> _AVAILABLE DATA_
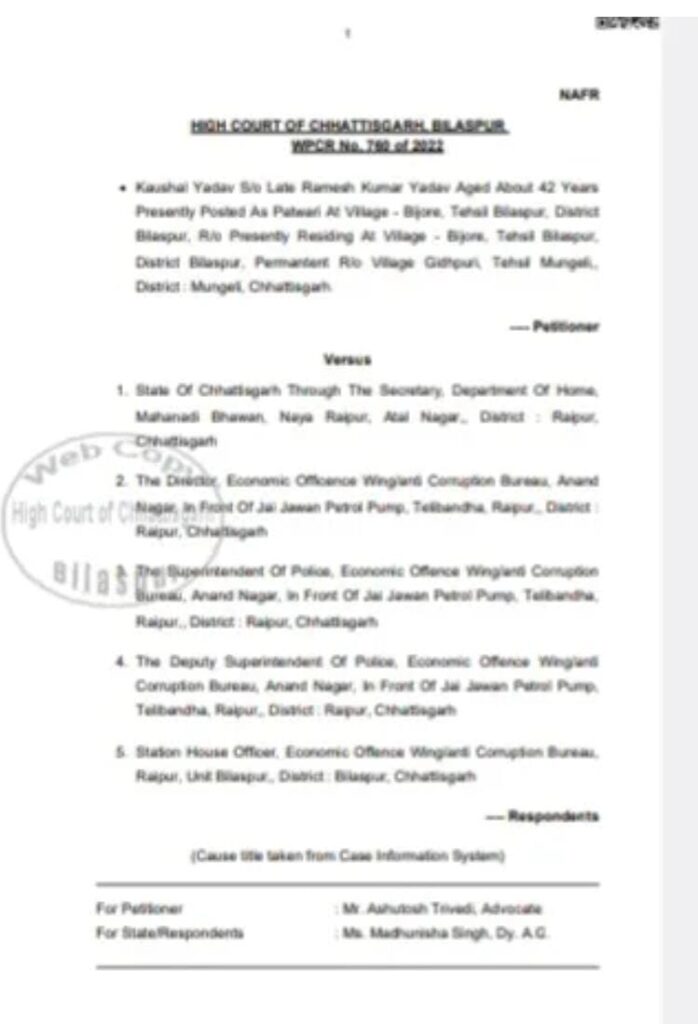 पटवारी कौशल यादव को मिली हाईकोर्ट से राहत
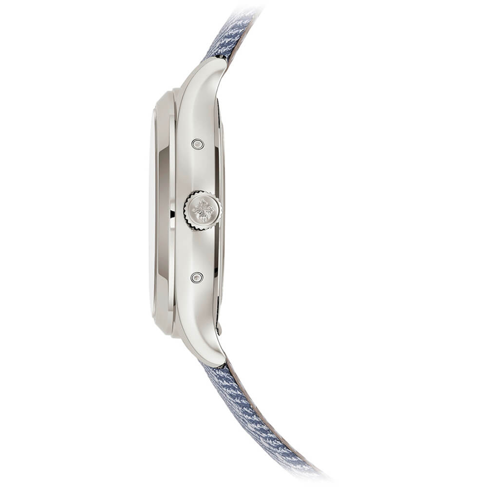 カーフスキン、デニム柄、ブルーグレー ホワイトゴールド・ピンバックル
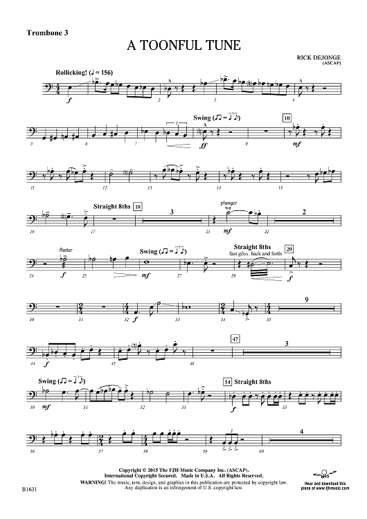 "A Toonful Tune - Trombone 3" Sheet Music by Rick DeJonge
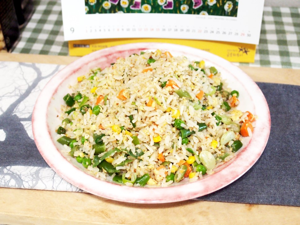 Your vegetable fried rice is ready! The rice grains remain distinct and fluffy, giving it a delightful texture. Enjoy this visually appealing and delicious fried rice for a satisfying meal!
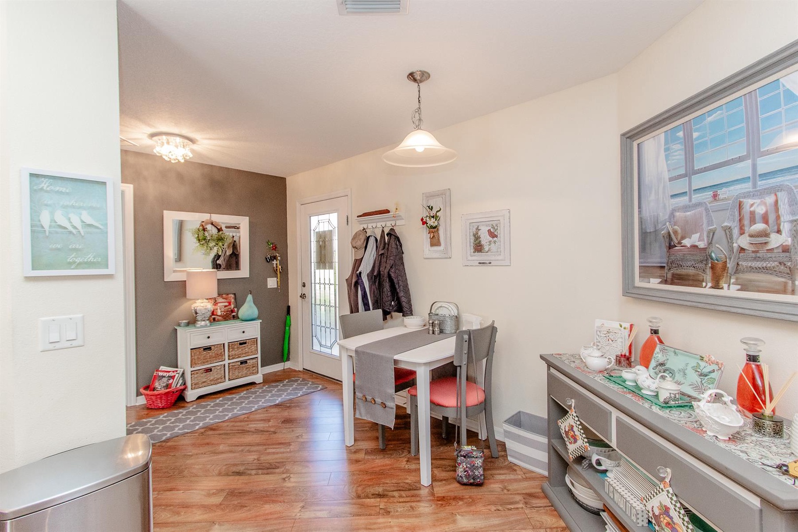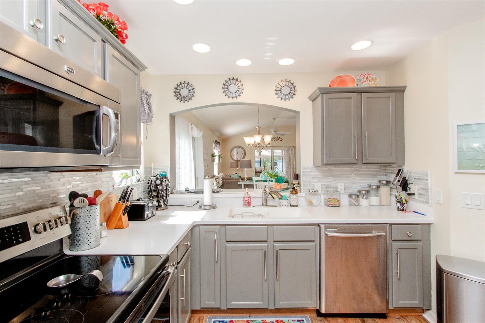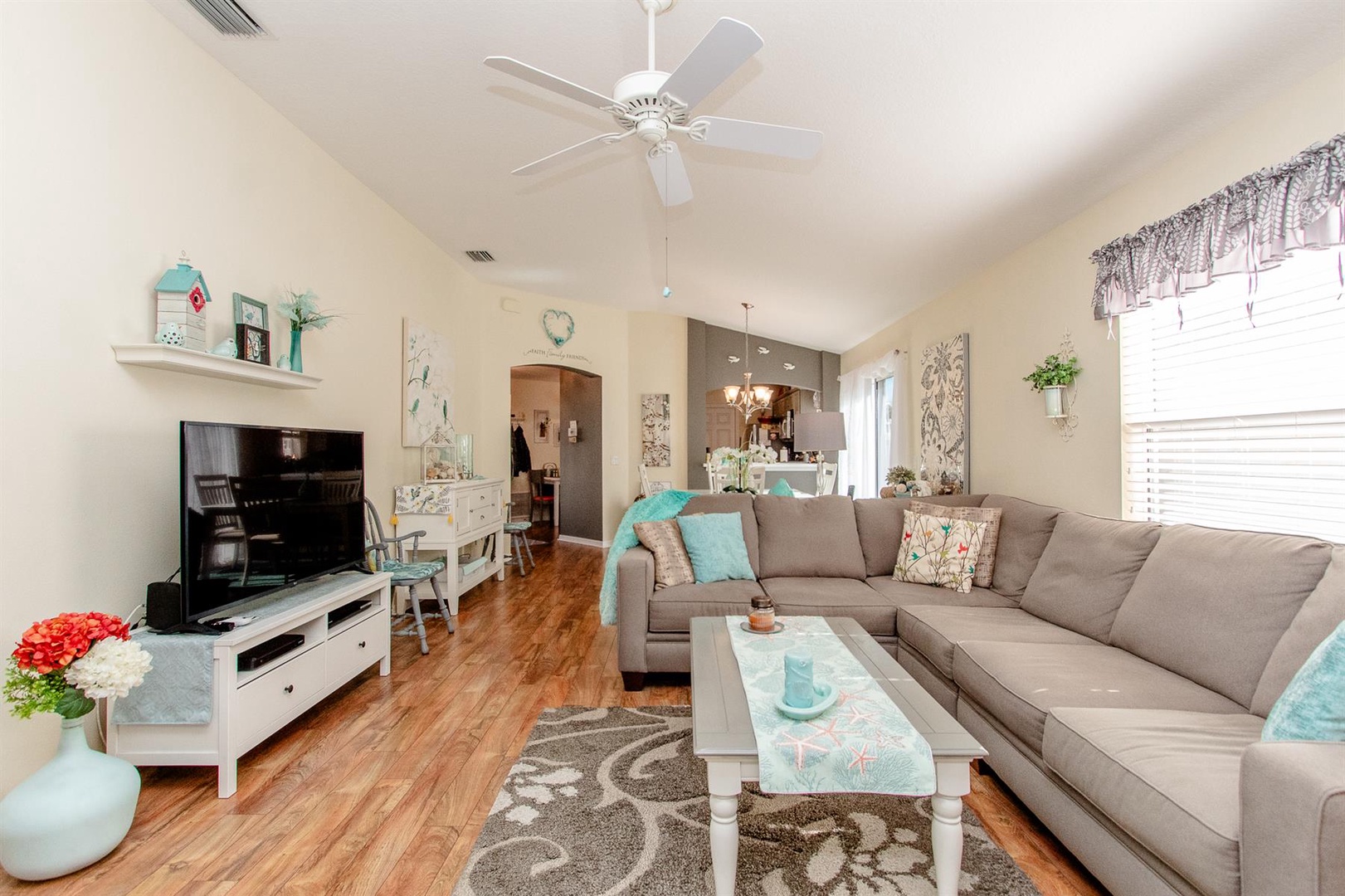 The well-appointed kitchen is perfect for preparing meals or enjoying intimate dinners, equipped with everything needed to inspire culinary creations. Adjacent, the dining area comfortably seats four and seamlessly connects to the living room featuring a plush sectional sofa and Smart TV. Just beyond lies the enclosed Lanai—an ideal spot to curl up with a good book or savor a morning coffee. Need to catch up on work? A dedicated desk area is provided.

> _YOUR GOAL_
Your answer should be the lines above from the one that contains "カーフスキン、デニム柄、ブルーグレー ホワイトゴールド・ピンバックル" through the last, set down exactly, with the pictures removed.

> _REPLY_
 カーフスキン、デニム柄、ブルーグレー ホワイトゴールド・ピンバックル
 "A Toonful Tune - Trombone 3" Sheet Music by Rick DeJonge
 Your vegetable fried rice is ready! The rice grains remain distinct and fluffy, giving it a delightful texture. Enjoy this visually appealing and delicious fried rice for a satisfying meal!
 The well-appointed kitchen is perfect for preparing meals or enjoying intimate dinners, equipped with everything needed to inspire culinary creations. Adjacent, the dining area comfortably seats four and seamlessly connects to the living room featuring a plush sectional sofa and Smart TV. Just beyond lies the enclosed Lanai—an ideal spot to curl up with a good book or savor a morning coffee. Need to catch up on work? A dedicated desk area is provided.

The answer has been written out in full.